Change column names.

In [None]:
crimes = crimes.toDF('ID','Case_Number','Date','Block','IUCR','Primary_Type','Description','Location_Description','Arrest',
             'Domestic','Beat','District','Ward','Community_Area','FBI_Code','X_Coordinate','Y_Coordinate','Year',
             'Updated_On','Latitude','Longitude','Location','Historical_Wards_2003-2015','Zip_Codes',
             'Community_Areas','Census_Tracts','Wards','Boundaries_ZIP_Codes','Police_Districts','Police_Beats')



### Dropping extra columns I do not need

In [None]:
crimes = crimes.drop('IUCR','Ward','FBI_Code','Updated_On','Location_Description','Historical_Wards_2003-2015','Zip_Codes',
                            'Community_Areas','Census_Tracts','Wards','Boundaries_-_ZIP_Codes','Police_Beats','Beat')

print(crimes.columns)

['ID', 'Case_Number', 'Date', 'Block', 'Primary_Type', 'Description', 'Arrest', 'Domestic', 'District', 'Community_Area', 'X_Coordinate', 'Y_Coordinate', 'Year', 'Latitude', 'Longitude', 'Location', 'Boundaries_ZIP_Codes', 'Police_Districts']


### Changing the column names to lower case

In [None]:
for col in crimes.columns:
    crimes = crimes.withColumnRenamed(col, col.lower())
print(crimes.columns)

['id', 'case_number', 'date', 'block', 'primary_type', 'description', 'arrest', 'domestic', 'district', 'community_area', 'x_coordinate', 'y_coordinate', 'year', 'latitude', 'longitude', 'location', 'boundaries_zip_codes', 'police_districts']


### Renaming columns in dataframe 

In the below code chunk, we are renaming a column in the dataset

In [None]:
crimes = crimes.withColumnRenamed("primary_type", "crime_type")
print(crimes.columns)

['id', 'case_number', 'date', 'block', 'crime_type', 'description', 'arrest', 'domestic', 'district', 'community_area', 'x_coordinate', 'y_coordinate', 'year', 'latitude', 'longitude', 'location', 'boundaries_zip_codes', 'police_districts']

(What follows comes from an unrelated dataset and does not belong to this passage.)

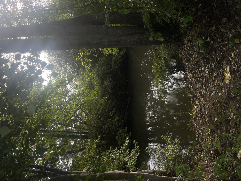- "The image depicts a tranquil natural scene at the edge of a water body, likely a stream or small river, located in Weyersheim, France" by FM-jAEXm1, licensed under CC BY 4.0
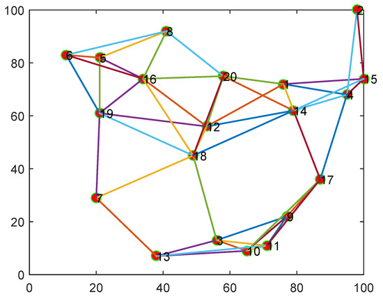 In this section, to verify the performance of the proposed diffusion logarithm-correntropy algorithm, we considered a network consisting of 20 nodes and 50 communication links. The topology is shown in Figure 3. The sensor nodes were randomly deployed in an area of and the communication distance between nodes was set as 35. All results below were averaged over 150 independent Monte Carlo simulations with randomly generated samples.

### Converting dates to timestamp format 
The Date column is in string format. Let's change it to timestamp format using the user defined functions.
withColumn helps to create a new column and we remove one or more columns with drop.I will convert dates to timestamp format which will help me a lot later on. 



In [None]:
# Let's check the initial date column
crimes.select("date").show(5, truncate = False)
                           

+----------------------+
|date                  |
+----------------------+
|09/06/2019 11:55:00 PM|
|09/06/2019 11:55:00 PM|
|09/06/2019 11:53:00 PM|
|09/06/2019 11:52:00 PM|
|09/06/2019 11:50:00 PM|
+----------------------+
only showing top 5 rows



In [None]:
# Converting date column to timestamps format. 
from datetime import datetime
from pyspark.sql.functions import col,udf
from pyspark.sql.types import  (TimestampType)
myfunc =  udf(lambda x: datetime.strptime(x, '%m/%d/%Y %I:%M:%S %p'), TimestampType())
crimes = crimes.withColumn('date_time', myfunc(col('date'))).drop("date")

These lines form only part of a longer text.